Institute of Polymer Science and Engineering, National Taiwan University, Taipei, Taiwan, Republic of China.
Department of Life Science, National Taiwan University, Taipei, Taiwan, Republic of China.
ACS Biomater Sci Eng. 2020 Jan 13;6(1):597-609. doi: 10.1021/acsbiomaterials.9b01473. Epub 2019 Dec 2.
Graphene, with excellent conductivity can promote the growth and differentiation of neural stem cells (NSCs), but the rigidity has limited its direct application in neural tissue engineering. In this study, waterborne biodegradable polyurethane (PU) was used as the matrix for the graphene nanocomposite materials to make graphene applicable to biocompatible scaffolds.

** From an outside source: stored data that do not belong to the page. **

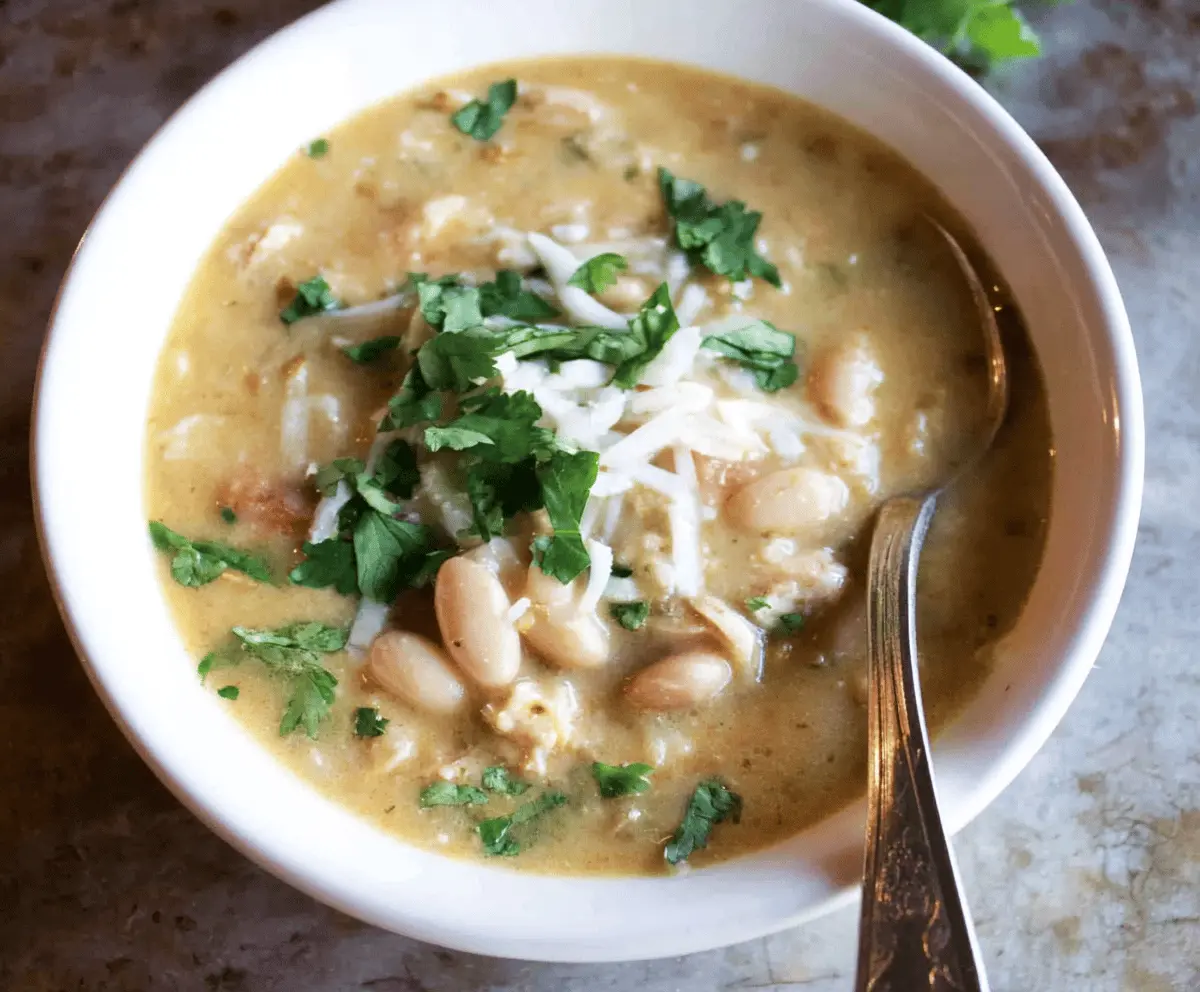 Creamy White Bean Enchilada Soup in a bowl topped with cheese, cilantro, and sour cream, served with tortilla chips on the side.
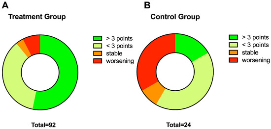 49 patients (52.1%) in the treatment (average 11.4 ± 2.5, CI95%: 8–16) and 6 (18.2%) in the control (average 10.5 ± 0.7; CI95% 10–11) recovered more than 3 points at T1. 33 (35.1%) in the treatment (average 10.6 ± 1.7, CI95%: 8–13) and 15 (45.4%) (average 11.2 ± 2.4, CI95%: 8–14) in the control recovered less than 3 points. 3 patients (3.2%) in the treatment group did not change they score comparing T0 and T1 (average 12.6 ± 0.6, CI95%: 12–13), while in the control group three subjects (9.1%). Finally, we observed 7 patients (7.4%) in the treatment group that worsened their Sniffin’ score comparing T0 and T1 (average 10.6 ± 2.5, CI95%: 6–14) and 12 (36.4%) in the control presented the same concern (average 8.5 ± 2.4, CI95%: 7–12). The differences between treatment and control in term of recovery were statistically significant (c: p = 0.0008) (Figure 2A,B).
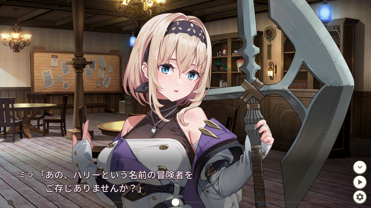 巨大なハルバードを振るう冒険者《ミラ》は、かつて将来を誓い合った男の行方を追っています。
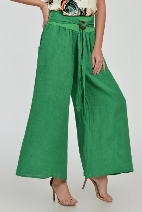 Pantaloni drepi, largi, de vara, din in, cu accesoriu de lemn, verzi
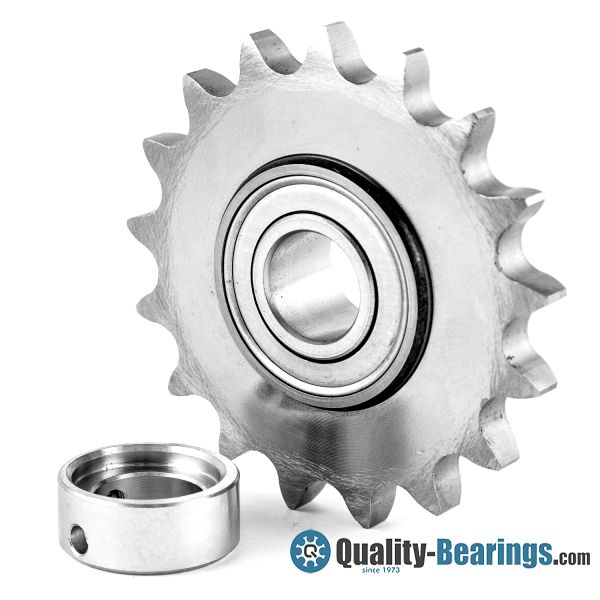Chain tensioning wheels are chain guide and deflection units for bush and roller chains. They compensate for operational chain elongations and improve the smooth running of the system under high loads and speeds. The ready-to-assemble units consist of sprocket discs and deep groove ball bearings or radial insert bearings. The sprocket discs are made of high-strength steel, sintered iron or plastic (polyamide). Sprocket discs made of plastic run particularly smoothly and quietly. Since the inner ring of the deep groove ball bearing is extended on both sides, no additional spacer rings are required. In the KSR..-B0 series, the inner ring is fastened to the shaft with a clamping ring. Our range includes sprockets from the premium manufacturer INA. The bearing bore of this series has a plus tolerance. This means that unmachined shafts up to ISO tolerance h9 can be used for medium loads and speeds. The ready-to-assemble units consist of deep-drawn, profiled and riveted sheet steel discs and grooved ball bearings. Larger disc diameters are additionally welded. A running-in phase on the pulley profile avoids damage to the belt. Due to the sheet metal design, the additional rotating masses and resulting imbalances are only small. Chain tensioning wheels are greased with a lithium soap grease according to GA13 and are maintenance-free. The grooved ball bearings of the chain tensioning wheel are sealed on both sides.
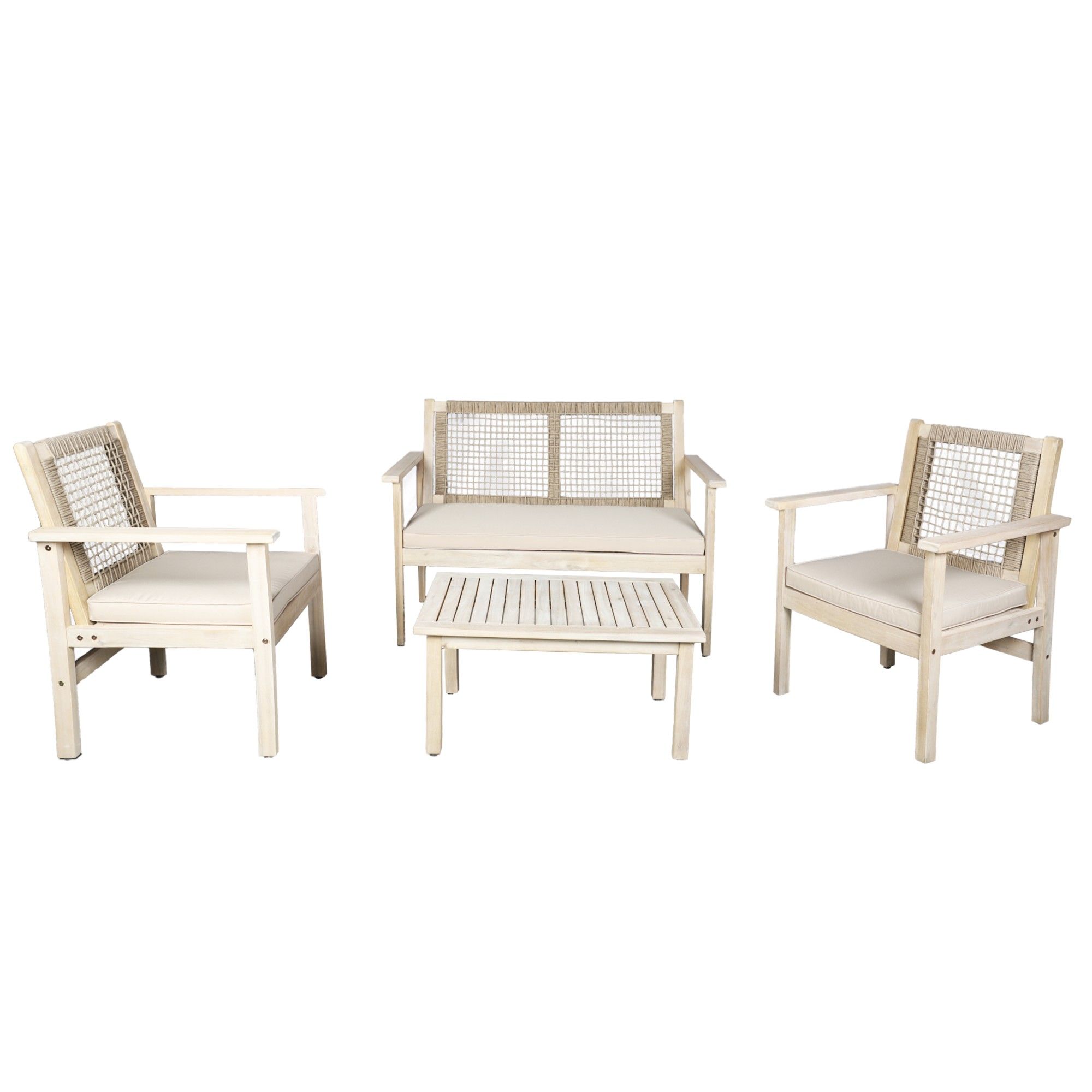 Upgrade your outdoor living space with this stylish 4-piece acacia wood patio conversation set. Designed for up to four people, this set includes a loveseat, two armchairs, and a matching coffee table—perfect for relaxing or entertaining outdoors. The solid acacia wood frame provides durability and natural charm, while the rope-woven armrests and backrests add an elegant modern touch. Thick high-density cushions deliver comfortable seating, and the detachable leg design makes assembly and storage simple. Ideal for patios, gardens, balconies, and backyards.

The graphene sheets were observed on the surface of the composites which contained 5 wt % graphene (PU-G5). The nanocomposite retained the positive effect of graphene on cell behavior, while PU was flexible enough for further fabrication. Endothelial cells (ECs) and NSCs cocultured on the nanocomposite became more vascular-like and glial-like without induction culture medium. The specific vascular-related and neural-related gene markers, KDR, VE-Cadherin, and GFAP, were upregulated more than twice as the content of graphene increased (5 wt %). The fibrous capsule of the PU-G5 film group was about 38 μm in thickness in subcutaneous implantation, which was only half that of the graphene-free group. Nerve conduits made of the PU-graphene nanocomposite were found to promote the regeneration of the peripheral nerve in a rat sciatic nerve 10 mm gap transection model. In particular, the regenerated tissue in PU-G5 conduits showed an obvious response peak in the compound action potential (CAP) examination and had a similar CAP wave pattern to that of the normal sciatic nerve. However, such a response was not observed in the PU group. The nerve conduit made of PU-G5 had 72% and 50% enhancement on the numbers of axons and blood vessels of regenerated tissue, respectively. The regenerated area of nerve in PU-G5 was 25% larger than that in pristine PU. Compared with the U.S. Food and Drug Administration (FDA) approved conduit, Neurotube, the regenerated nerve in PU-G5 was 1.7 times more than that in Neurotube. In addition to the fast recovery rate, the ability to regenerate tissue with normal morphology is a significant finding of this study that may lead to clinical applications in the future. PU-graphene nanocomposites thus have potential applications in neural tissue engineering.
石墨烯具有优异的导电性,能促进神经干细胞(NSCs)的生长和分化,但由于其刚性,限制了其在神经组织工程中的直接应用。在本研究中,水基可生物降解的聚氨酯(PU)被用作石墨烯纳米复合材料的基质,以使石墨烯适用于生物相容性支架。在含有 5wt%石墨烯的复合材料(PU-G5)表面观察到石墨烯片。纳米复合材料保留了石墨烯对细胞行为的积极作用,同时 PU 又足够柔软,可进一步加工。未经诱导培养基培养,内皮细胞(ECs)和 NSCs 在纳米复合材料上共培养后,更具血管样和神经胶质样。随着石墨烯含量的增加(5wt%),特定的血管相关和神经相关基因标志物 KDR、VE-Cadherin 和 GFAP 的上调超过两倍。在皮下植入时,PU-G5 膜组的纤维囊厚度约为 38μm,仅为无石墨烯组的一半。在大鼠坐骨神经 10mm 间隙横断模型中,发现由 PU-石墨烯纳米复合材料制成的神经导管能促进周围神经的再生。特别是,在 PU-G5 导管中再生组织的复合动作电位(CAP)检查中显示出明显的反应峰,并且具有与正常坐骨神经相似的 CAP 波模式。然而,在 PU 组中没有观察到这种反应。与美国食品和药物管理局(FDA)批准的导管 Neurotube 相比,PU-G5 制成的神经导管分别使再生组织中的轴突和血管数量增加了 72%和 50%。在 PU-G5 中,神经再生区比原始 PU 大 25%。与 FDA 批准的导管 Neurotube 相比,PU-G5 中的再生神经是 Neurotube 的 1.7 倍。除了快速的恢复率之外,能够再生具有正常形态的组织是本研究的一个重要发现,这可能导致未来的临床应用。因此,PU-石墨烯纳米复合材料在神经组织工程中有潜在的应用。